Beijing, April 23 (Science and Technology Daily) — By Zhang Mengran
American researchers have harnessed artificial intelligence (AI) to design novel proteins that go beyond those found in nature. Their newly developed machine learning algorithm can generate proteins with specific structural features, which could be used to create materials with tailored mechanical properties—such as stiffness or elasticity—potentially replacing petroleum- or ceramic-based raw materials. The findings were published in the latest issue of the journal Chem.
Researchers from the Massachusetts Institute of Technology (MIT), the IBM Watson AI Lab, and Tufts University employed a generative model based on the same machine learning architecture used in AI systems like DALL·E 2. However, they adapted the model’s architecture to predict amino acid sequences capable of forming proteins with desired structural characteristics.
The model learns the biochemical relationships that govern how proteins fold and assemble, enabling it to generate entirely new proteins not observed in nature—opening doors to unique applications. For instance, coatings designed by this tool could extend the shelf life of fresh produce while remaining safe for human consumption. Moreover, the model can generate millions of protein candidates within just a few days, rapidly expanding the landscape of possibilities for scientific exploration.
In this study, the team developed two machine learning models to predict new amino acid sequences that would fold into proteins meeting specific structural design goals.

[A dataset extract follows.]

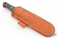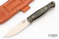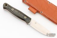 This fixed blade from Bark River Knives features a satin finish drop point blade with a scandi grind, .162" blade stock and 1.219" blade depth. The handle has black/green linen micarta scales with orange liners and mosaic pins over full tang construction. Lanyard hole on pommel. Includes leather sheath and original box. Excellent condition.

One model operates at the level of overall protein structural properties, while the other works at the individual amino acid level. Both models construct proteins by assembling these amino acid building blocks.
These models are integrated with protein-folding prediction algorithms, which the researchers used to determine the 3D structures of the generated proteins. They then computed the resulting physical properties and evaluated them against the original design specifications. Testing revealed partial overlap—typically around 50% to 60%—with existing natural amino acid sequences, though some sequences were entirely novel. This degree of similarity suggests that many of the AI-generated proteins are likely synthesizable in practice.